Succino al instante endurece el gesto de los labios.

 

—Por nada. —Posa el tarro de maquillaje—. ¡Deme la espada, ande! Debe de estar incómodo sentado con ella así.

 

—No. ¡Ocúpese de lo suyo! Sabe muy bien que no puedo dejar de estar en guardia.

 

—Sí, sí… Lo sé —contesta con cierto tono de fastidio.

 

—No empecemos... —Cilnio extrae un libro del bolsillo interior de la chaqueta, un cartón grisáceo oculta la portada. Ávido lector, en cada nuevo destino, después de organizar y negociar todo lo necesario para la actuación, acude a la biblioteca del lugar y consigue inéditas publicaciones sobre todo tipo de géneros: historia, geografía, medicina, religión, ciencias ocultas… Embelesa a las autoridades de la población valiéndose de su sabiduría y carisma. Puede orar sobre matemáticas, física y química; disertar sobre religión o laicismo; debatir de política y guerras; hablar de música, literatura, escultura, pintura; dialogar sobre brujería, magia negra, leyendas y rituales; conversar de tierras cercanas y lejanas; hablar sobre la fauna, los animales y vegetales, la astronomía… Capta con inteligencia y rapidez la psicología de las diferentes culturas. Ninguna materia se le resiste, excepto lo relativo al mar, espacio vacío en su sabiduría. Visionario de las mentes, de los espíritus, de las almas, de los miedos, de la felicidad, del futuro. Antes de fundar la <<Compañía Eclipse>> fue cartero real, estuvo al servicio de diferentes reyes. Llegó a representar a jerarcas enfrentados tan solo con meses de diferencia. No fue leal a ninguna estirpe, cambiaba de bando en función de los itinerarios que el mensaje le obligaba a cumplir. Si un envío le desviaba del personal cometido, no tenía reparos en abandonar a monarcas o caballeros en apuros para buscar otra correspondencia más favorable. A pesar de las continuas deslealtades, nadie escatimaba dinero o favores para contratarle, pues la efectividad en sus servicios era asombrosa.
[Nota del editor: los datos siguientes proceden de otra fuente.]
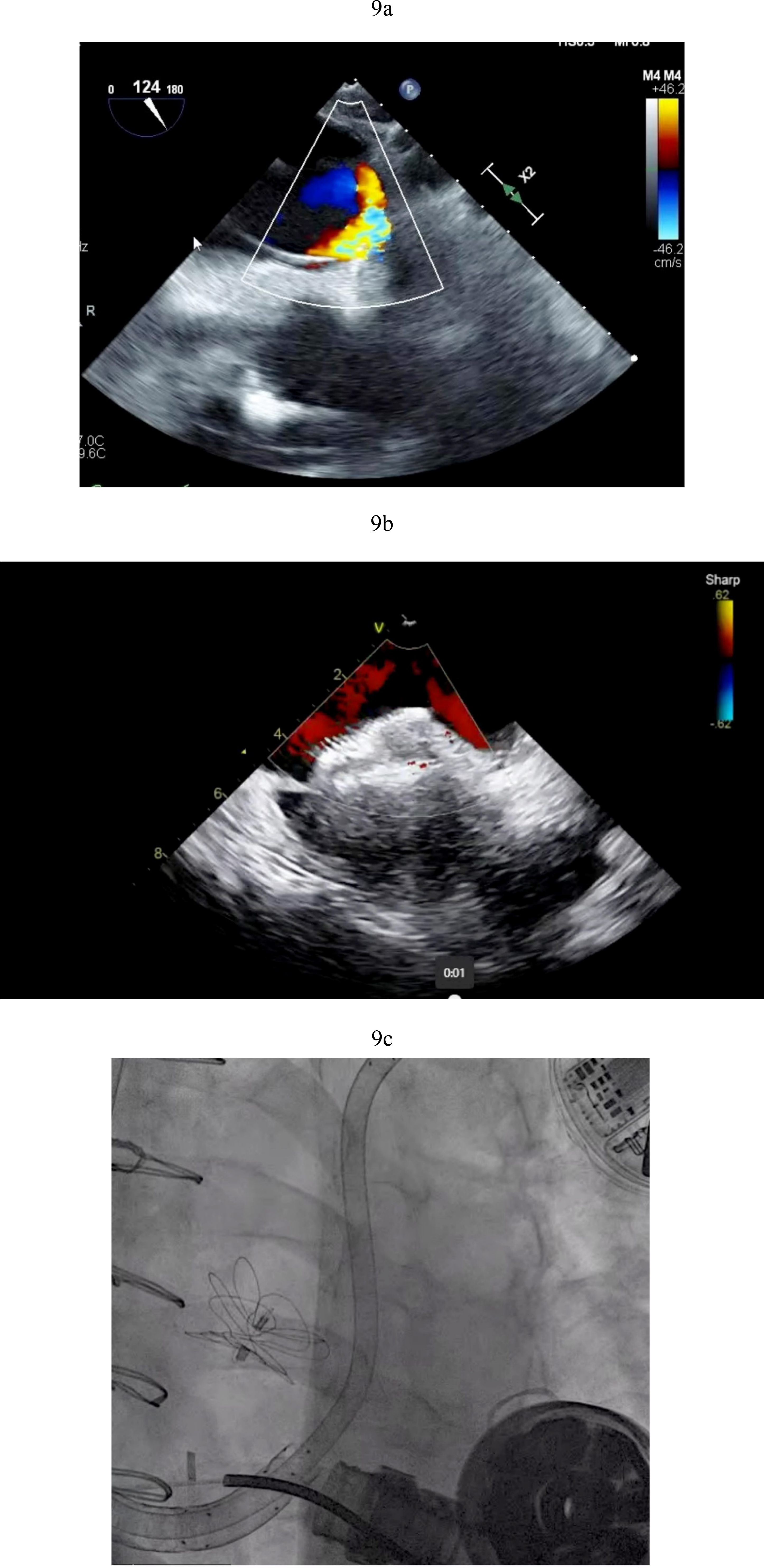 Fig. 3. Amplatzer closure of aortic valve. (a) Amplatzer septal occluder across native aortic valve. (b) TEE showing the two discs of the Amplatzer device closing the aortic valve. (c) Aortic regurgitation resolved after Amplatzer closure. TEE, transesophageal echocardiogram.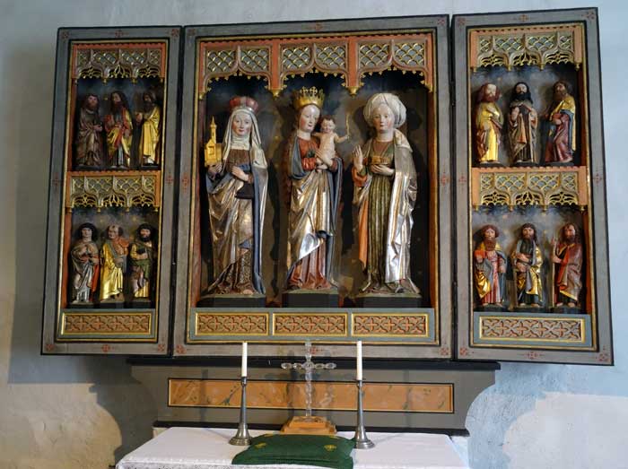 Altarskåp från 1400-talets sista kvartal. Ursprngligen från Schlesien i östra Tyskland. Skänktes till kyrkan av Magnus Gabriel de la Gardie. Låg under många år i klockstapeln innan det återinsattes i kyrkan 1949. Gamla altartavlan finns i sakristian (se längre ner).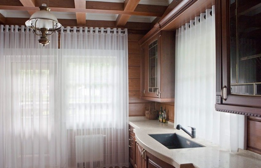 От оформления окон на кухне зависит уют и комфорт в помещении. Для этой цели можно использовать разные варианты штор, а одним из самых удобных являются портьеры на люверсах.
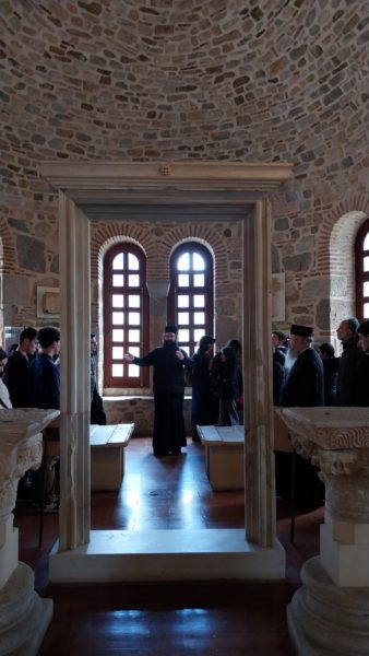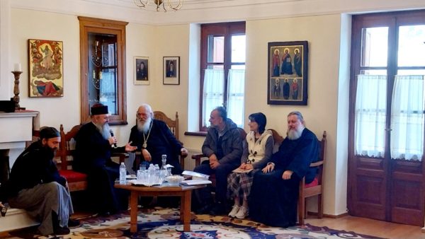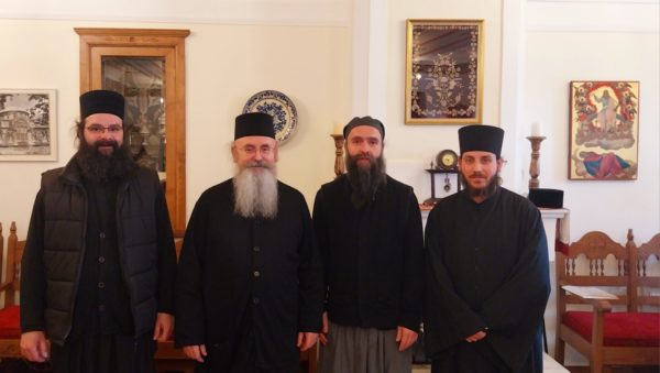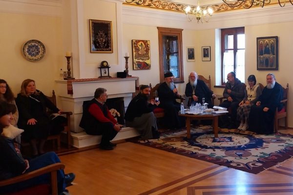 Αμέσως μετά, υποδέχθηκε τον Μητροπολίτη Περιστερίου κ. Γρηγόριο, ο οποίος συνόδευε αντιπροσωπεία μαθητών Γυμνασίου και Λυκείου από τα Εκπαιδευτήρια «Αυγουλέα-Λιναρδάτου», μαζί με τους εκπαιδευτικούς τους. Οι επισκέπτες, ξεναγήθηκαν στους χώρους της Μονής από τον Καθηγούμενο, προσκύνησαν το Ιερό Σκήνωμα του Οσίου και είχαν την ευκαιρία να θαυμάσουν από κοντά δείγματα Βυζαντινής τέχνης.

Su espada atravesaba cualquier cuerpo que intentara robar la correspondencia. De los prolongados viajes puede narrar mil hazañas, de su eficacia han dependido la guerra o la paz en infinidad de comarcas de la Península. El galope incesante, estar alerta ante cualquier ataque, conservar la vida en peligrosas circunstancias: ésas son sus habilidades. Cilnio, grandullón, manos rudas y robustas -contrastan con la pulcritud de las uñas-, detiene la lectura al acabar el capítulo. Una mancha roja, producto de una refriega de juventud, atraviesa el ojo izquierdo. Inspecciona de soslayo el maquillaje que Succino ha elegido para el espectáculo de esa noche; da un respingo en el asiento, es de color azul marino.

 

Cuentan que el mar que rodea a la Península de Cenk es mágico, allí, el aire de lo divino e inescrutable conduce al infinito.

 

Succino olfatea el aire tras el biombo; antes de llegar a la Península atravesaron la Ruta del Águila y empezó a percibir un aroma salobreño. El azul, desde entonces, ha teñido sus sueños. Echa la cabeza hacia atrás, escruta un resquicio del cielo en la claraboya abierta en el techo, tensiona los hombros para que la caída del vestido sea perfecta.